**INPUT RECORDS:**
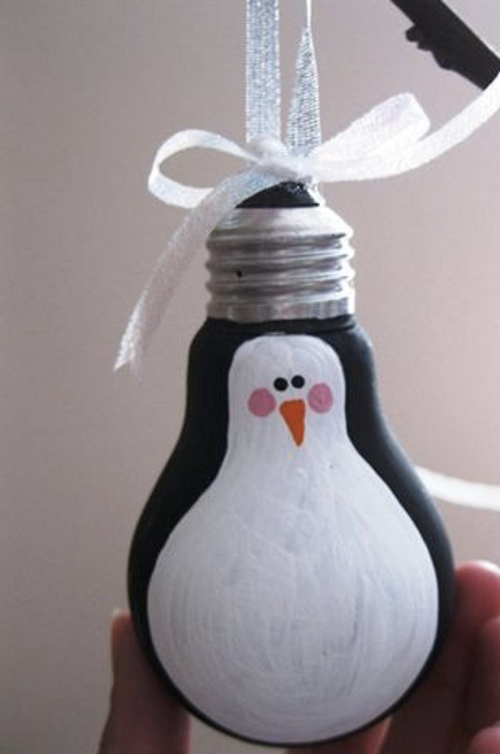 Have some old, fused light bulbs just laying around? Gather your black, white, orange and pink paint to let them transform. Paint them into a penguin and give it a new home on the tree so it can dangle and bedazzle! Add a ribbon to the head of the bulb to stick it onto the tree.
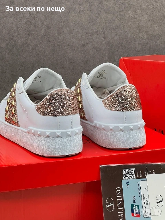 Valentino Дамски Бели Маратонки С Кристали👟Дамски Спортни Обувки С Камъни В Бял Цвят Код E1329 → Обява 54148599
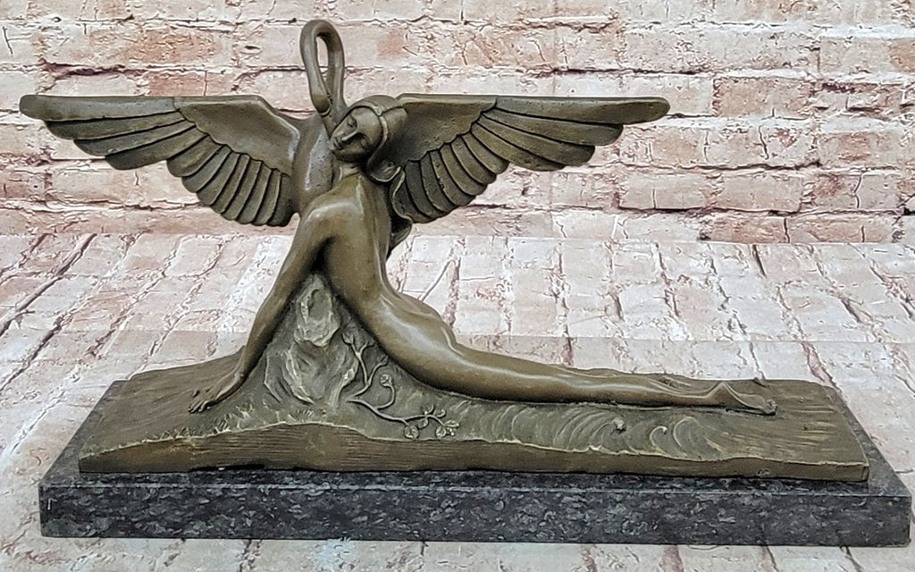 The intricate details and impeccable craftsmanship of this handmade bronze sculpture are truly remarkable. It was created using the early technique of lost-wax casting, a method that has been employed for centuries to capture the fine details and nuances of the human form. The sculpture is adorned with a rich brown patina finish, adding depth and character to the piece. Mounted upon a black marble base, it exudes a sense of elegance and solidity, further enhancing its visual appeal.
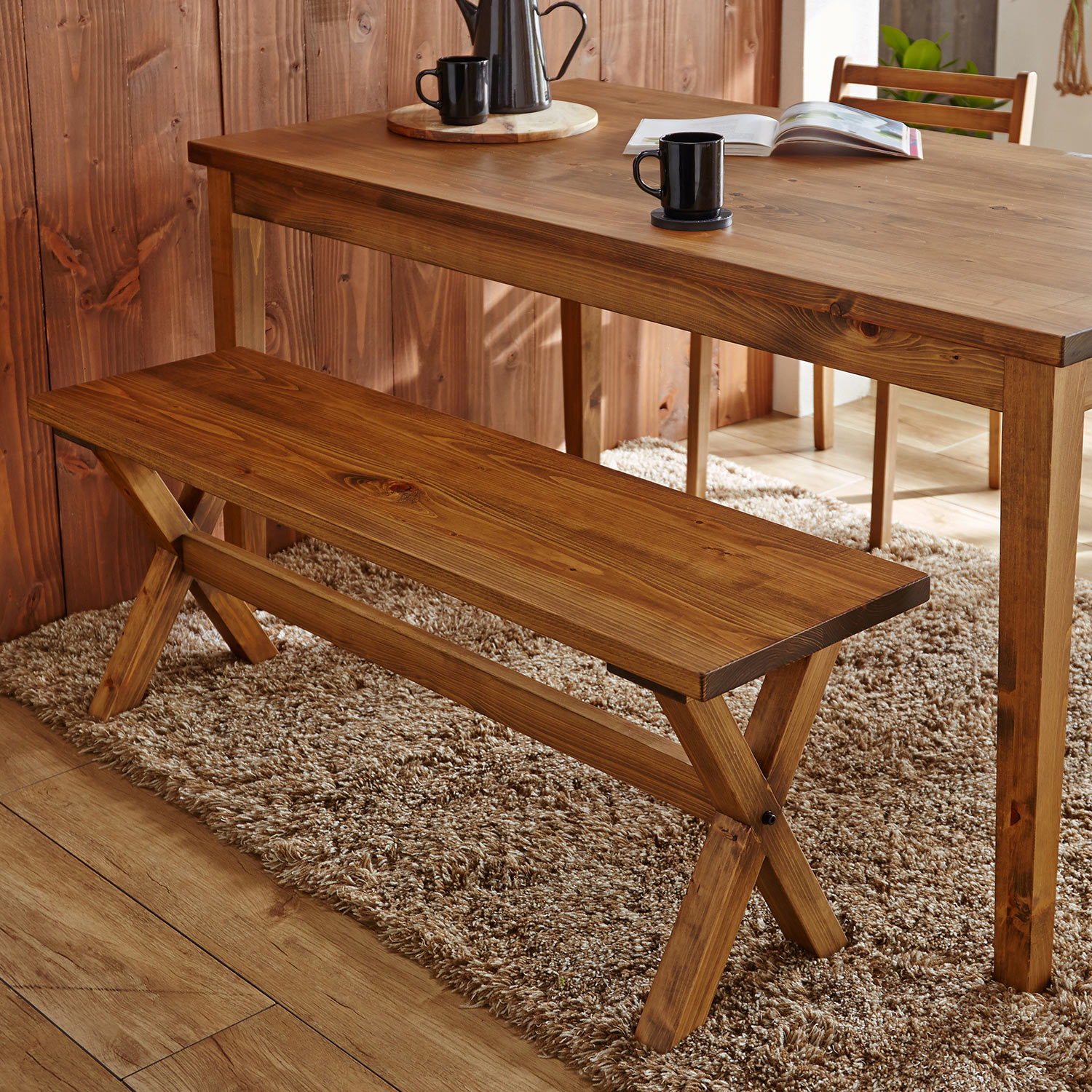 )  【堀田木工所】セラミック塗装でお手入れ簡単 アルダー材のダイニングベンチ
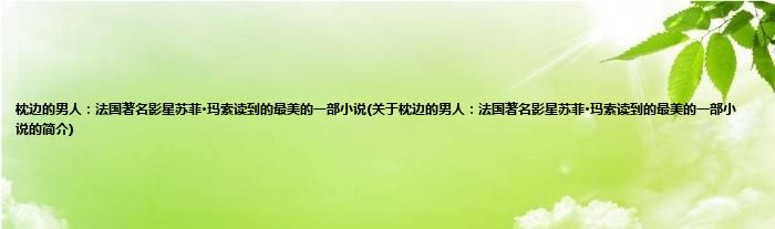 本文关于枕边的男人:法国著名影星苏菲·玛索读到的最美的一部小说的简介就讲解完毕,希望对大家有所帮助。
--
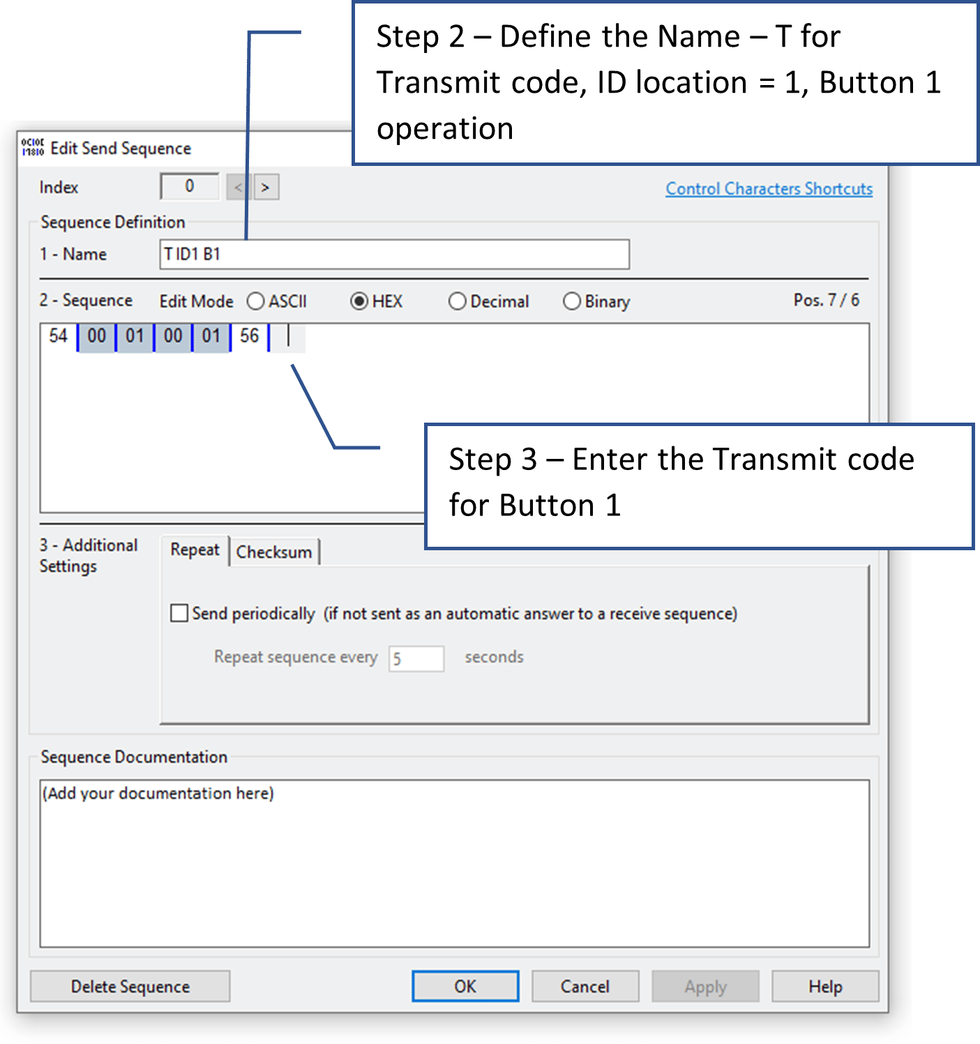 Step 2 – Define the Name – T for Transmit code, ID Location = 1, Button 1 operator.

**YOUR TASK:**
Up in the listing, locate the line with "Have some old, fused"; print it and every line after it down to the line with "本文关于枕边的男人:法国著名", which is included too. Skip the pictures.

**SOLUTION FOR THIS PROBLEM:**
 Have some old, fused light bulbs just laying around? Gather your black, white, orange and pink paint to let them transform. Paint them into a penguin and give it a new home on the tree so it can dangle and bedazzle! Add a ribbon to the head of the bulb to stick it onto the tree.
 Valentino Дамски Бели Маратонки С Кристали👟Дамски Спортни Обувки С Камъни В Бял Цвят Код E1329 → Обява 54148599
 The intricate details and impeccable craftsmanship of this handmade bronze sculpture are truly remarkable. It was created using the early technique of lost-wax casting, a method that has been employed for centuries to capture the fine details and nuances of the human form. The sculpture is adorned with a rich brown patina finish, adding depth and character to the piece. Mounted upon a black marble base, it exudes a sense of elegance and solidity, further enhancing its visual appeal.
 )  【堀田木工所】セラミック塗装でお手入れ簡単 アルダー材のダイニングベンチ
 本文关于枕边的男人:法国著名影星苏菲·玛索读到的最美的一部小说的简介就讲解完毕,希望对大家有所帮助。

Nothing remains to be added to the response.